Baku, Azerbaijan—As the world gathers at the Conference of Parties to the United Nations Framework Convention on Climate Change (COP29), a new report highlights a growing paradox in Southeast Asia – while domestic banks are taking the lead in financing a surge in renewable energy, international financial institutions from developed countries continue to fuel the region’s expansion of fossil fuel power.
The report, titled “Southeast Asia at a Crossroads: Deterring SEA’s Fossil Future with Renewables,” by the Center for Energy, Ecology, and Development (CEED), reveals that renewable energy capacity in the pipeline has jumped a substantial growth of 70 gigawatts (GW) in just one year or from 2023 to 2024, with domestic banks at the forefront of renewable energy financing.
This surge in renewables is a welcome development for a region facing the brunt of climate change impacts. The threat of massive fossil fuel expansion, however, persists.
“Southeast Asia suffered severely from what is set to be the warmest year on record, and from devastating calamities even in the weeks leading up to COP29. Unfortunately, despite the region’s vulnerability to climate change and its rich renewable energy potential, massive coal and gas expansion continues in Southeast Asia,” said Gerry Arances, Executive Director of CEED.

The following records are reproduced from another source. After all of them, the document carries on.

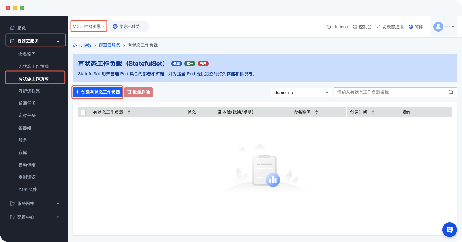 - 进入有状态应用列表页(操作路径:「MCE容器引擎」→「容器云服务」→「有状态应用」);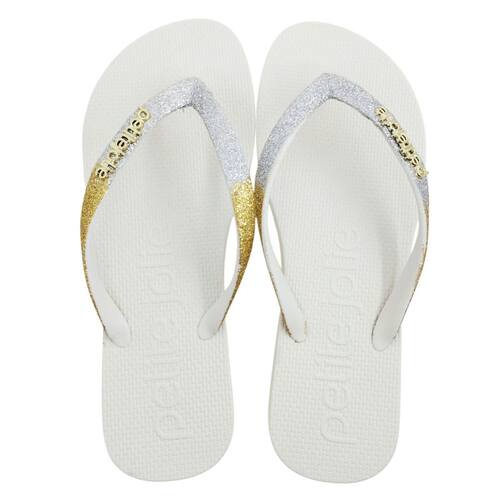 Chinelo de Dedo Feminino Casual Dia a Dia Praia Passeio com Glitter J-Lastic Petite Jolie Pj7298 - 33-34 - Branco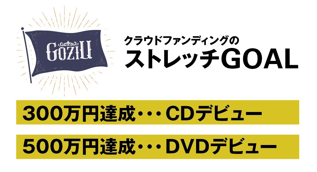 私たちGoziUは、認知度をあげスポンサーを獲得し、活動範囲を広げることで、私たち自身が日本でどのような形で貢献できるのか!?を知るための社会実験だと思っています。いくつになってもやりたいことを実現するための姿勢と行動を多くの方に知ってもらいたいと思っています。 上記のゴールを達成することで、支援いただいた方にCDやDVDを提供することができるようになると共に、社会に影響を与えるためには、動画(YouTube・PVを含む)による発信が不可欠だと思っています。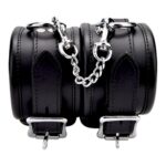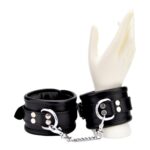 Soft and padded for comfort and safety but sturdy for advanced and lengthy bondage play, these cuffs will leave you really Bound. Establish a tone of exquisite pleasure and pain by restraining your partner with these exclusively high quality, durable nubuck leather wrist cuffs. Comes with a detachable double trigger hook chain connecting the D-rings on each cuff, further restricting your partner’s movement if desired. Treat your sub to these high quality bondage cuffs, they’ll beg to be tied up just to feel the luxurious leather tight around their wrists, smell the genuine, high quality leather and enjoy the inescapability of these premium physical restraints. Features: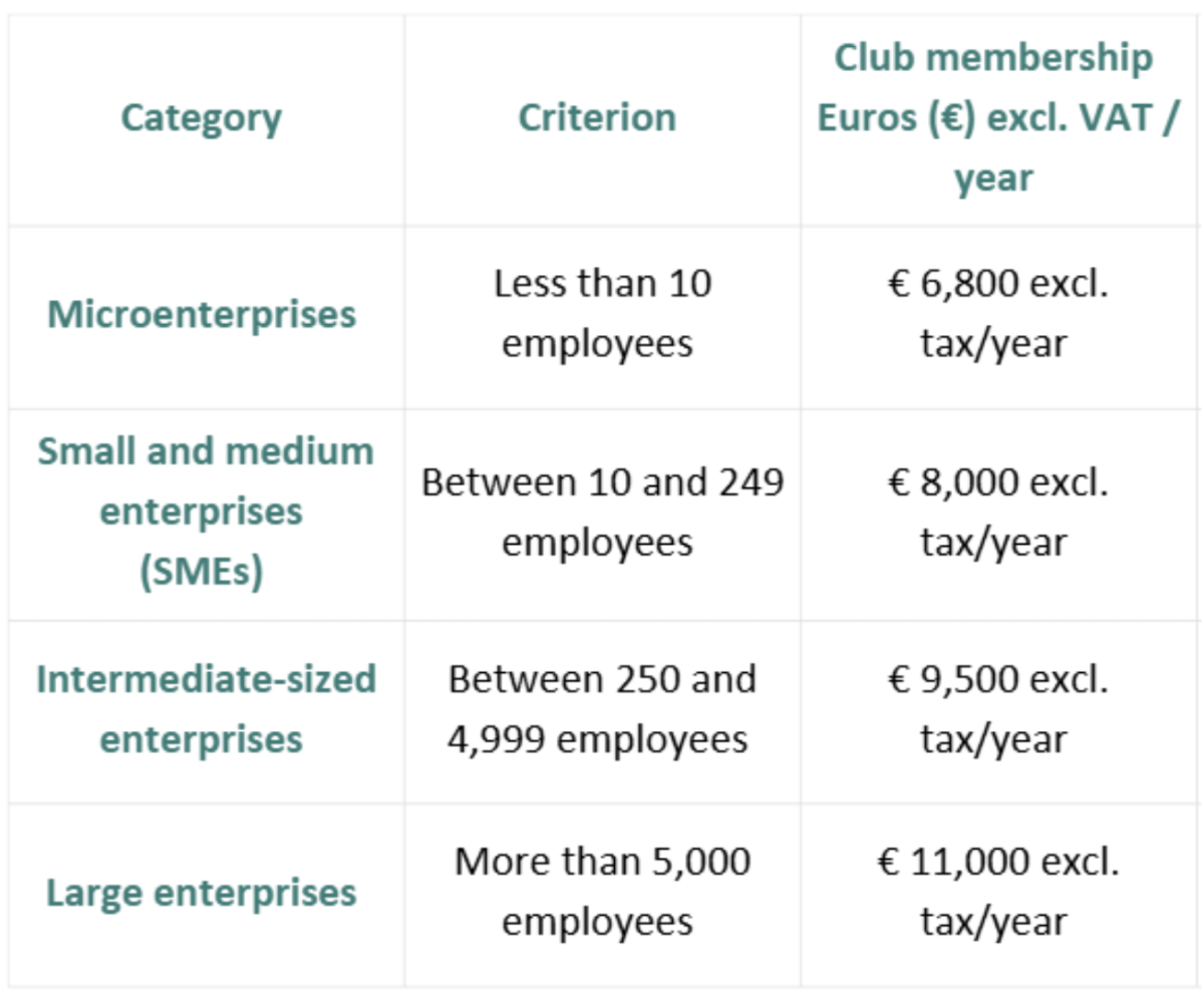 As part of their commitment, each Member is individually required to pay a fixed annual contribution as set out in the price list below (amounts in Euros excluding VAT; the VAT rate applicable is that in force at the time the service is invoiced).

Since the Paris Agreement, the region has commissioned 54.5 GW of coal-fired power plants and 33.2 GW of gas-fired power plants, totaling 87.7 GW. This is more than double the installed renewable energy capacity of 33.8 GW.
The report highlights the significant financial commitment to fossil fuels, with approximately USD 142.1 billion invested since the Paris Agreement. In contrast, renewable energy projects and related operations have received around USD 52.8 billion in financing – over half of which are attributed to domestic financial institutions in the region.
“On the one hand, Southeast Asia is demonstrating remarkable leadership in renewable energy. On the other hand, continued fossil fuel expansion threatens to undermine these efforts and lock the region into a fossil fuel future,” said Arances. “Much responsibility for this unsustainable trend lies largely with Global North international financial institutions who continue to finance these polluting projects.”
Global Northern financial institutions are significant enablers of Southeast Asian developers and banks heavily involved in fossil fuel expansion – with trends showing that they are the top shareholders and bondholders of many of the region’s biggest fossil fuel companies.
Developed nations are also driving debt financing for fossil fuels – Japan’s financial institutions, for example, represented 23% of the region’s total financing, primarily through the Japan Bank for International Cooperation (JBIC).
As COP29 facilitates critical conversations on ambitions for climate finance globally, CEED called for a stop to finance flows to fossil fuels which exacerbate Southeast Asia’s climate vulnerability. Global Northern financial institutions and governments must instead drive the region’s alignment with the 1.5°C target outlined in the Paris Agreement, the report noted.
“As the climate talks unfold, the Philippines is being battered by a series of devastating storms. An urgent transition away from fossil fuels is necessary to strengthen our region’s climate resilience, avert even more catastrophic climate change, and ensure the climate survival of our people. The fact that fossil fuels continued to receive nearly three times as much financing than renewables in Southeast Asia since Paris means that money to fuel an urgent energy transition and ambitious climate action is available – it’s simply not going to the right places,” said Arances.